11 years, 6 months ago.

AnalogOut and maths probleme?

Hello,

I do sawtooth wave ramps with my mbed and his DAC and during my experiment i see a probleme.

if you take this two codes with the only change is the maths opperator you don't have the same ramps.

doesn't work

for(i=0;i<terminal;i++)  sawtooth  = sawtooth - 0.001;

doesn't work

for(i=0;i<terminal;i++)  sawtooth  = sawtooth + 0.001;

I do the test with the AnalogOut.write_u16 function and it work but not with float type.

it work

int sawtooth_u16 = sawtooth.read()*65535;
if(flag)  sawtooth_u16 = sawtooth_u16 - 65;
else  sawtooth_u16 = sawtooth_u16 + 65;
sawtooth.write_u16(sawtooth_u16);

i hope a good result!

Thx, YSI

Question relating to:

3 Answers

11 years, 6 months ago.

The specification for AnalogOut says that the write method accepts a float parameter representing a percentage. That is a bit confusing since the valid range is between 0.0 and 1.0 (and not between 0.0 and 100.0 as you might expect).

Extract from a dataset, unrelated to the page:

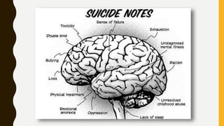 Este documento discute o suicídio, definindo-o como a privação voluntária da vida e identificando fatores de risco como transtornos mentais e traumas. Ele também distingue entre suicídio direto e indireto e discute o tratamento para sentimentos suicidas com base na idade, história médica e gravidade dos sintomas do paciente. Por fim, apresenta um caso sobre um homem que considera o suicídio após a morte de sua esposa.
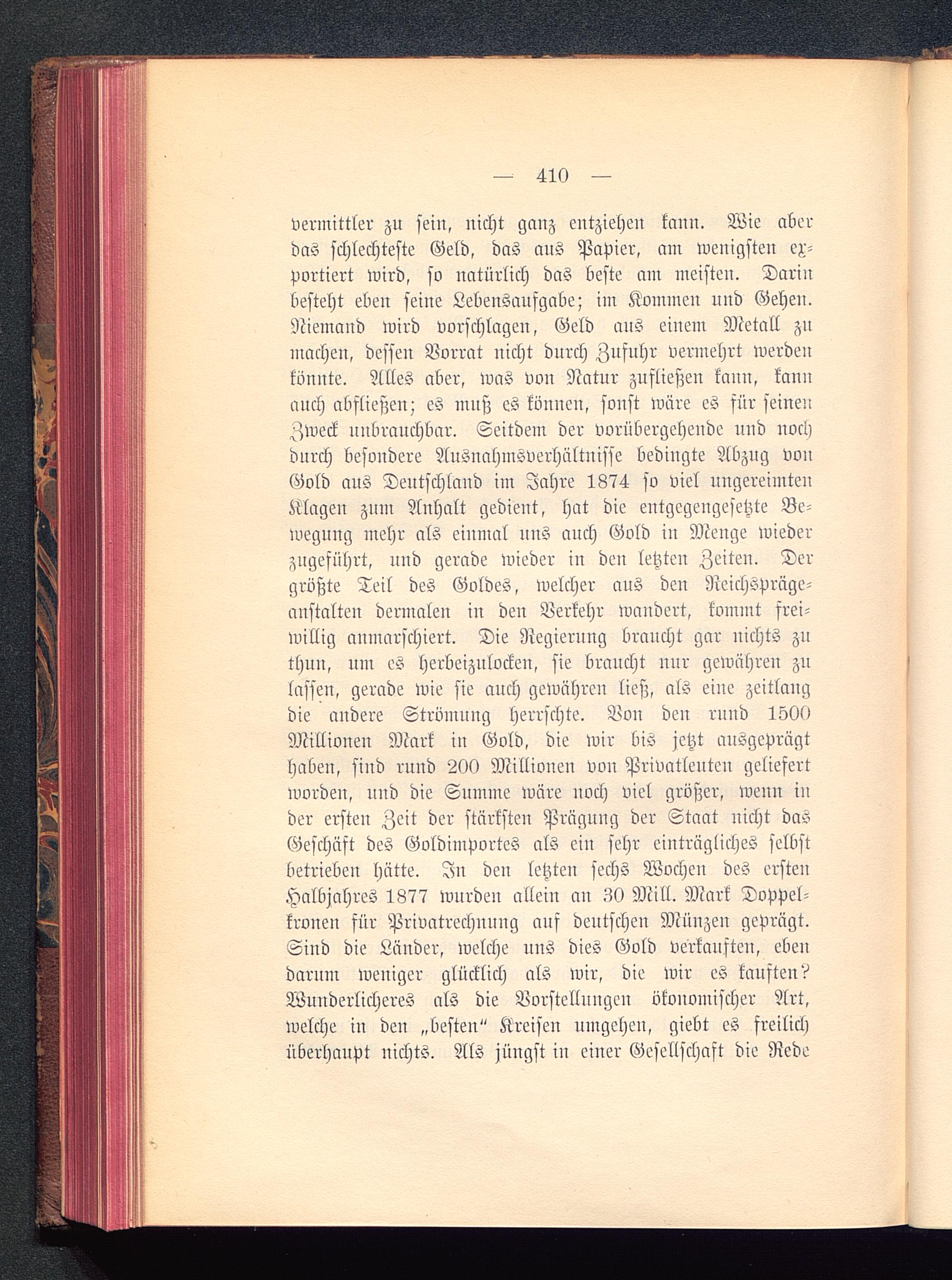 Vermittler zu sein, nicht ganz entziehen kann. Wie aberdas schlechteste Geld, das aus Papier, am wenigsten ex-portiert wird, so natürlich das beste am meisten. Darinbesteht eben seine Lebensaufgabe; im Kommen und Gehen.Niemand wird vorschlagen, Geld aus einem Metall znmachen, dessen Vorrat nicht durch Zufuhr vermehrt werdenkönnte. Alles aber, was von Natur zufließen kann, kannauch abfließen; es muß es können, sonst wäre es für seinenZweck unbrauchbar. Seitdem der vorübergehende uud nochdurch besondere Ausnahmsverhältnisse bedingte Abzng vonGold aus Deutschland im Jahre 1874 so viel ungereimtenKlagen zum Anhalt gedient, hat die entgegengesetzte Be-wegung mehr als einmal uns auch Gold iu Meuge wiederzugeführt, nud gerade wieder in den letzten Zeiten. Dergrößte Teil des Goldes, welcher aus den Reichsprägc-anstaltcn dermalen in den Verkehr wandert, kommt frei-willig anmarschiert. Die Regierung braucht gar nichts znthun, um es herbeizulocken, sie braucht mir gewähren zulassen, gerade wie sie auch gewähren ließ, als eiue zeitlaugdie audere Strömung herrschte. Vou deu rnnd 1500Millionen Mark in Gold, die wir bis jetzt ausgeprägthaben, sind ruud 200 Millionen von Privatleuten geliefertworden, uud die Summe wäre uoch viel größer, weuu inder ersten Zeit der stärksten Prägung der Staat nicht dasGeschäft des Goldimportcs als ein sehr einträgliches selbstbetrieben hätte. In den letzten sechs Wochen deS erstenHalbjahres 1877 wurden allein an 30 Mill. Mark Doppel-kronen für Privatrechnnng auf deutschen Mttuzeu geprägt.Sind die Länder, welche nns dies Gold verkauften, ebendarum weuiger glücklich als wir, die wir es tauften?Wunderlicheres als die Vorstellungen ökonomischer Art,welche in den „besten" Kreisen umgehen, giebt es freilichüberhaupt uichts. Als jüngst in einer Gesellschaft die Rede

Did you declare sawtooth as float in your first example? You will get a constant value of '0' when declaring sawtooth as int because of rounding,

11 years, 6 months ago.

Hi, YSI

Try this:

   for(int i=0; i<1000; i++) {
      signal = signal + 0.001;
      wait_us(1);
   }

How did you declare i at first, when it didn't work?

-=-=-=-=-=-=-=-=

thenoble66

Y SI
poster
11 years, 6 months ago.

Hi,

@Wim Huiskamp and Gyozo Nemes thx for answers.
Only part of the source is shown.